J’ai déjà attiré l’attention sur les risques de la réappropriation « marketing » de la notion de « réputation », y compris par des personnes qui se revendiquent du domaine éducatif (cf. notamment mon dossier Les apprentis sorciers de l’éducation aux médias (2012)).
A l’heure où le droit à l’oubli est réaffirmé, je pense qu’il y a un coté malsain à présenter les « faux pas » de communication d’un individu comme des tares dont il ne pourra jamais se défaire. C’est un fait que la dimension « publique » des interventions d’un individu sur la toile engendrent des interprétations, des jugements et ont un impact sur sa réputation (parfois difficilement prévisible, en raison de l’écoute indiscernable, de la mémoire du web, de la reproductibilité et de l’investigabilité). Néanmoins, il me semble judicieux de prendre distance avec un discours qui accorderait trop d’importance aux apparences et au regard des autres, favorisant une société du « personal branding », de la « popularité » ou encore de la compétition entre autres par comparaison, par exemple (cf. ma chronique sur l’image de soi en ligne et les selfies, et voir aussi des articles ici, ici, ici et ici, ou encore cette vidéo).
Il y a quelques temps, une enseignante m’interpellait encore sur le fait qu’un de ses élèves avait pratiqué le Revenge Porn et publié une sextape d’une fille de sa classe. Si un discours en amont peut en effet prévenir ce genre de phénomènes, je m’interroge sur le message qui est envoyé par « la société » à cette fille ou à son entourage. C’est d’ailleurs intéressant de noter que dans ce type de cas de figure, on s’inquiète davantage de l’avenir de la fille que de celui du garçon, probablement surtout parce qu’il est socialement moins bien vu pour une jeune femme de se prêter à ce genre de pratiques que pour jeune un homme.
Photos intimes d’adolescents sur Internet : pour une éducation au consentement
Il convient également de rappeler que sur le web, un buzz en efface un autre…

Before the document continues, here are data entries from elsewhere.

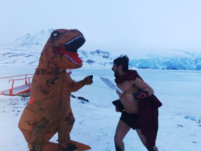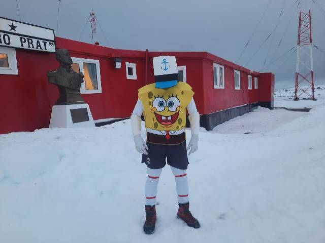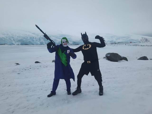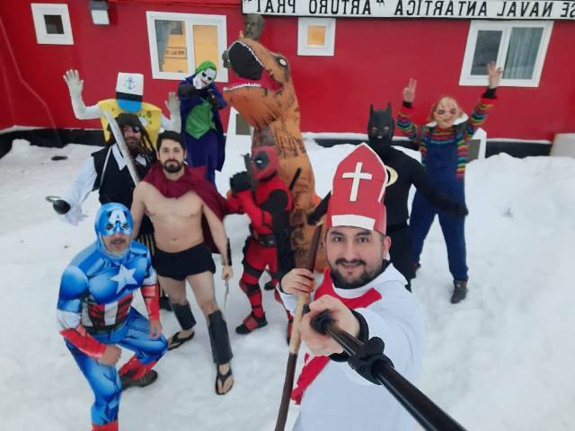 De esta manera la dotación, que lleva más de siete meses en la base, preparó con tiempo y en total hermetismo sus disfraces con el objetivo de celebrar a la intemperie este magno acontecimiento. Superando las extremas temperaturas y rachas de viento, la dotación se aventuró al exterior, haciendo una pausa en sus actividades, realizando diversas actividades personificando a personajes y en un momento lúdico de camaradería enviando un saludo desde el extremo austral de nuestro país.
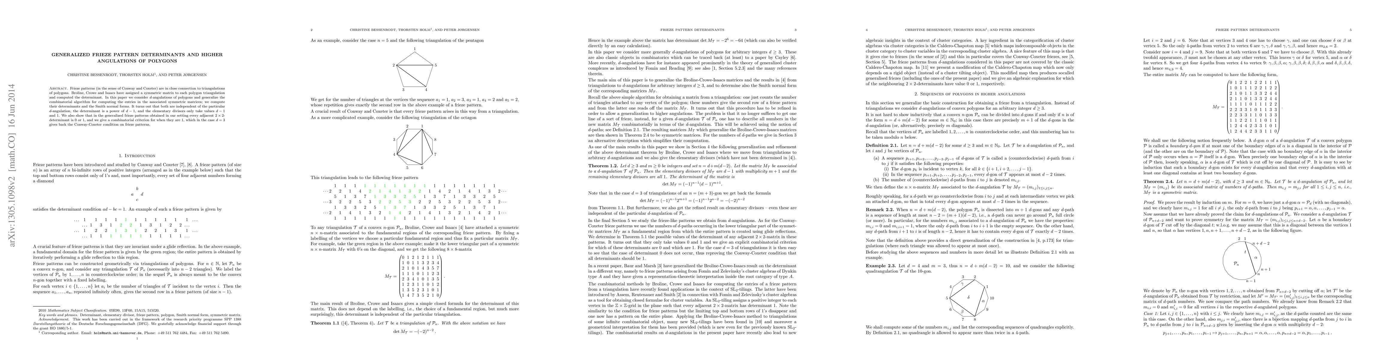 Frieze patterns (in the sense of Conway and Coxeter) are in close connection to triangulations of polygons. Broline, Crowe and Isaacs have assigned a symmetric matrix to each polygon triangulation and computed the determinant. In this paper we consider d-angulations of polygons and generalize the combinatorial algorithm for computing the entries in the associated symmetric matrices; we compute their determinants and the Smith normal forms. It turns out that both are independent of the particular d-angulation, the determinant is a power of d-1, and the elementary divisors only take values d-1 and 1. We also show that in the generalized frieze patterns obtained in our setting every adjacent 2x2-determinant is 0 or 1, and we give a combinatorial criterion for when they are 1, which in the case d=3 gives back the Conway-Coxeter condition on frieze patterns.
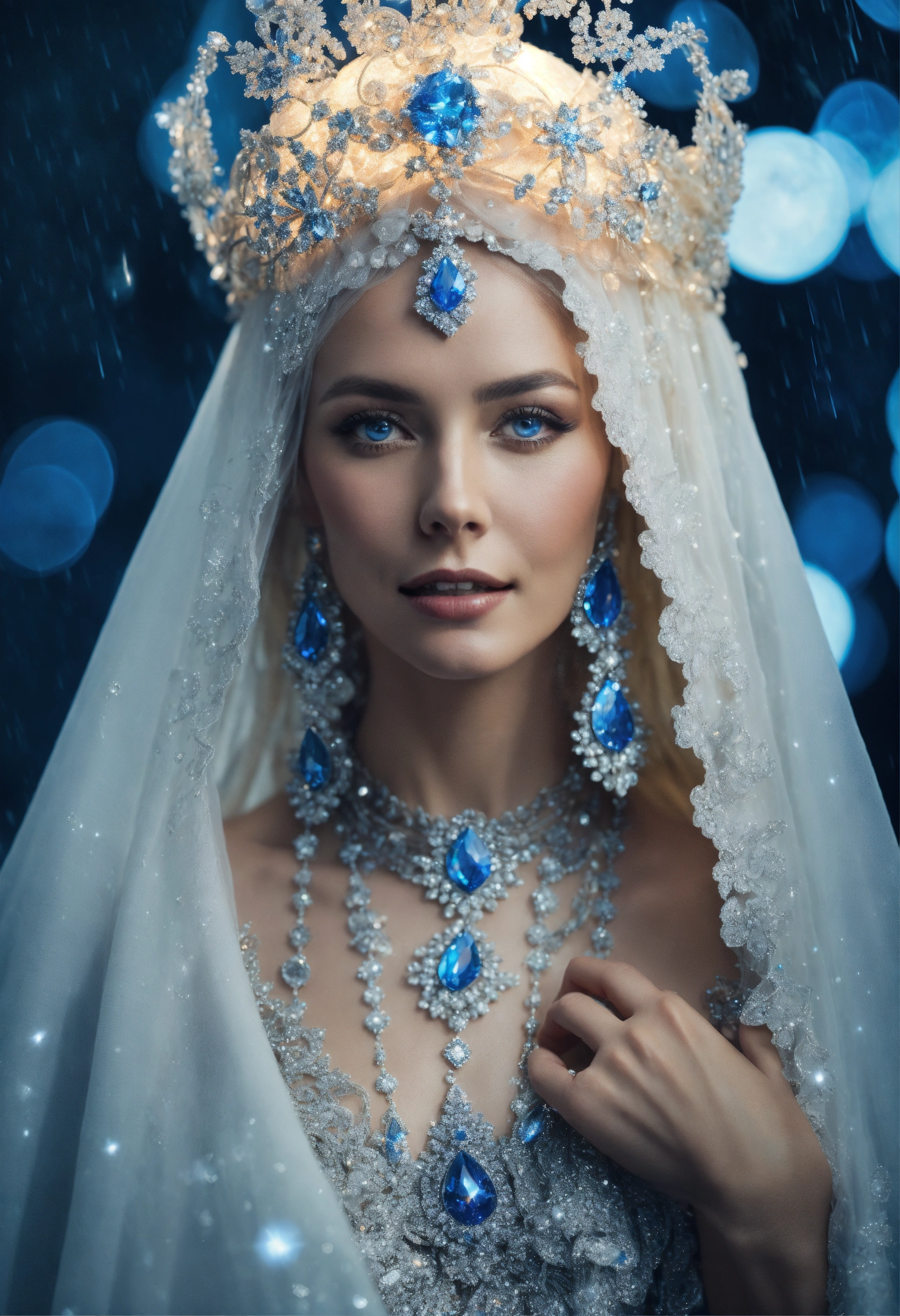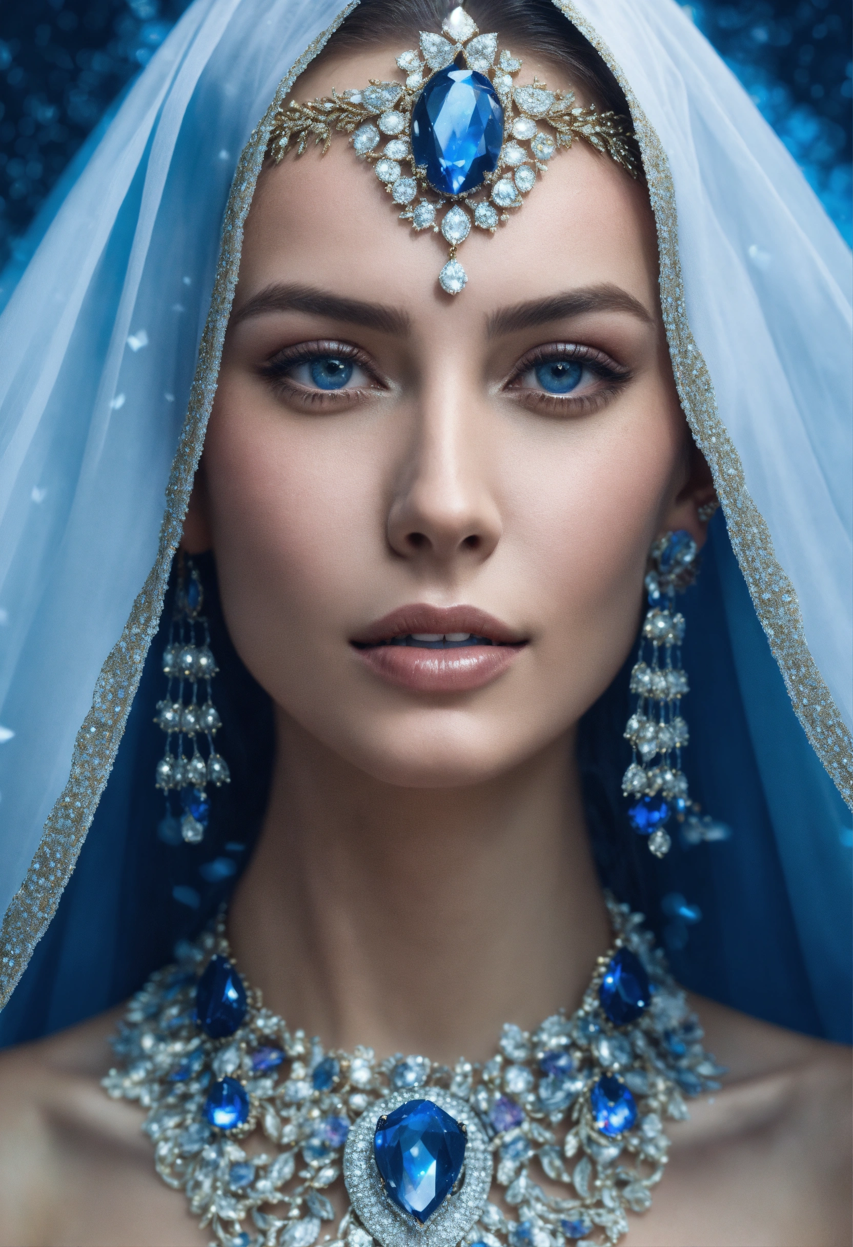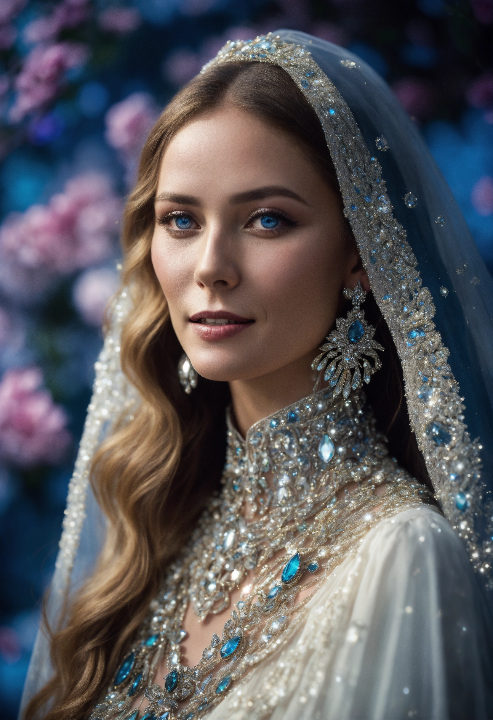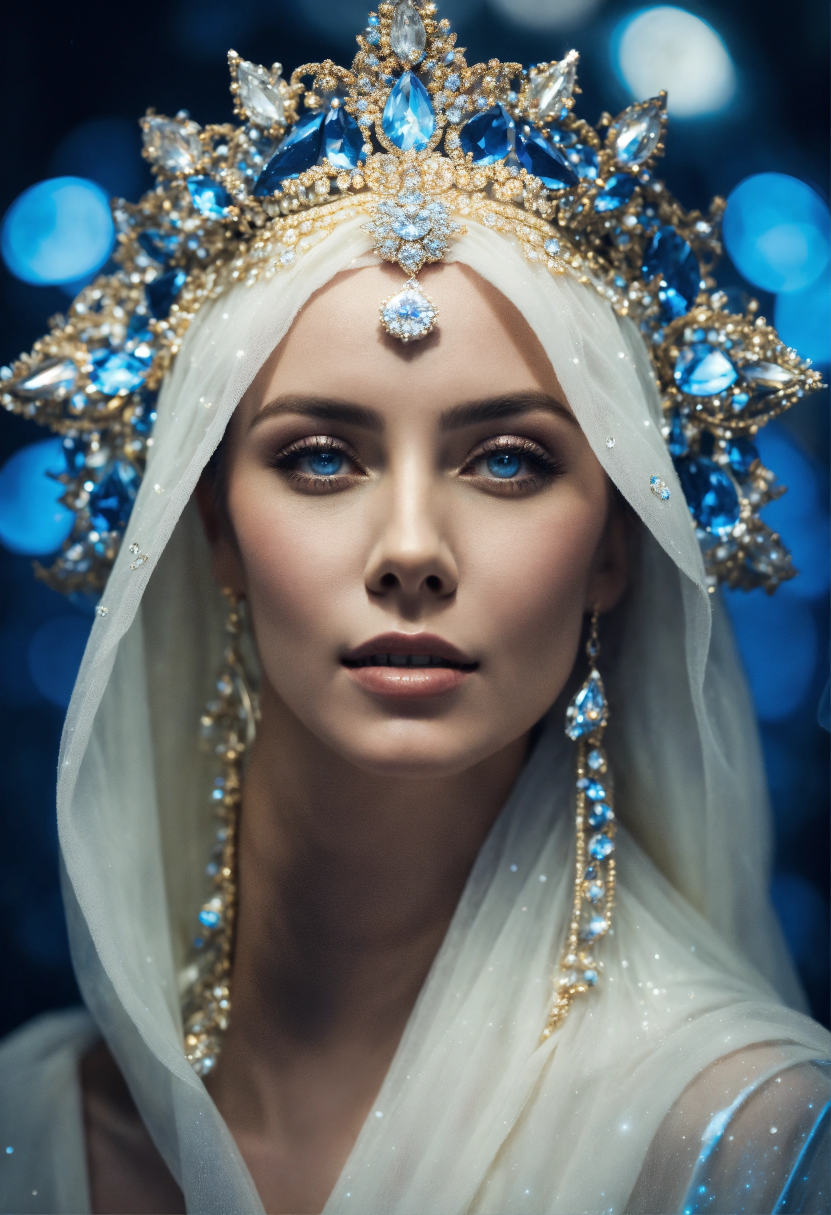 Iconoclastic surreal triumphant close up photograph of very thin elegant queenly white fashion supermodel glorified 40 year old virgin mary facing forward looking directly ahead into camera, elevated high cheek bones, stunningly gorgeous, staring lovingly straight ahead directly into camera at me with glowing blue eyes, beautiful kind smile with perfect teeth, empress of the universe, queen of the moon, long black hair covered by magical sparkling veil, wearing ethereal sparkling robes of galaxy blue and diamond white with high neckline and diamond collar, symmetrical, iconic, striking, award winning photo, powerful, emotional, glorious photo, background is heavenly-lit clouds and raining sparkling rose petals.
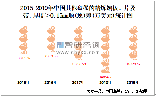 2015-2019年中国其他盘卷的精炼铜板、片及带,厚度>0.15MM顺(逆)差统计图
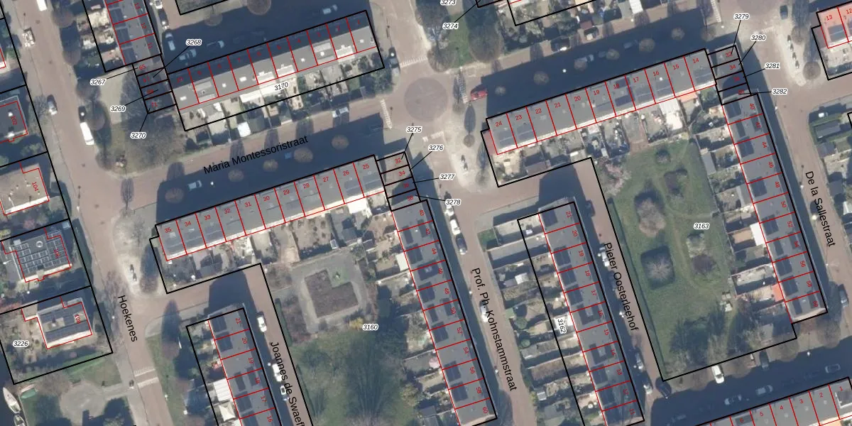 Het perceel waarop Prof. Ph. Kohnstammstraat 40 staat heeft een oppervlakte van 3186 m². Dit is een zeer groot perceel. De perceeloppervlakte wordt geregistreerd door het Kadaster. Gedetailleerde informatie over de maten van dit perceel kunt u vinden in het rapport Kadastrale kaart met maatvoering van Prof. Ph. Kohnstammstraat 40.
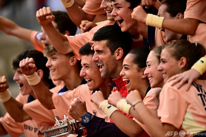 ジョコビッチはこの日、キャスパー・ルード(Casper Ruud、ノルウェー)を7-6(7-1)、6-3、7-5で下して3度目の全仏オープン制覇を果たし、グランドスラムの優勝回数で並んでいたラファエル・ナダル(Rafael Nadal、スペイン)を抜き単独最多となった。(c)AFP
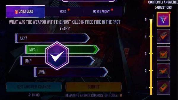 Garena Free Fire Quiz Answers For What Was The Weapon With Most Kills
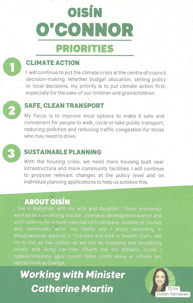 A leaflet form Oisín O’Connor who is running for The Green Party in Glencullen Sandyford in the 2024 Local Elections.

Je ne trouve pas constructif le fait de laisser penser aux gens (d’autant plus aux adolescents, potentiellement plus inquiets de leur image) que ceux-ci peuvent être réifiés ad vitam aeternam à certains de leurs comportements (cf. existentialisme). Bien sûr, la fille en question ci-dessus sera peut-être jugée par un futur employeur en fonction de ces faits. Cependant, grossir a priori l’impact et l’ampleur du regard social porté sur une personne ne me parait pas adéquat.
A mon sens, la réputation telle qu’elle est régulièrement abordée est un faux problème, ou du moins n’est qu’une partie du problème. Ne convient-il pas également de s’interroger sur des tendances sociales à se comparer, ou à évaluer et réifier les autres en fonction d’éléments de leur apparence ? Quant aux enjeux de vie privée et d’intimité, notamment, lire aussi ma chronique sur les questions d’espionnage, de confidentialité, de surveillance, etc. (dans laquelle je développe justement entre autres que les réponses réalistes aux enjeux de surveillance de masse ne se situent ni dans le fait de n’être inscrit sur aucun réseau social, ni dans une gestion factice de sa confidentialité ou de sa réputation).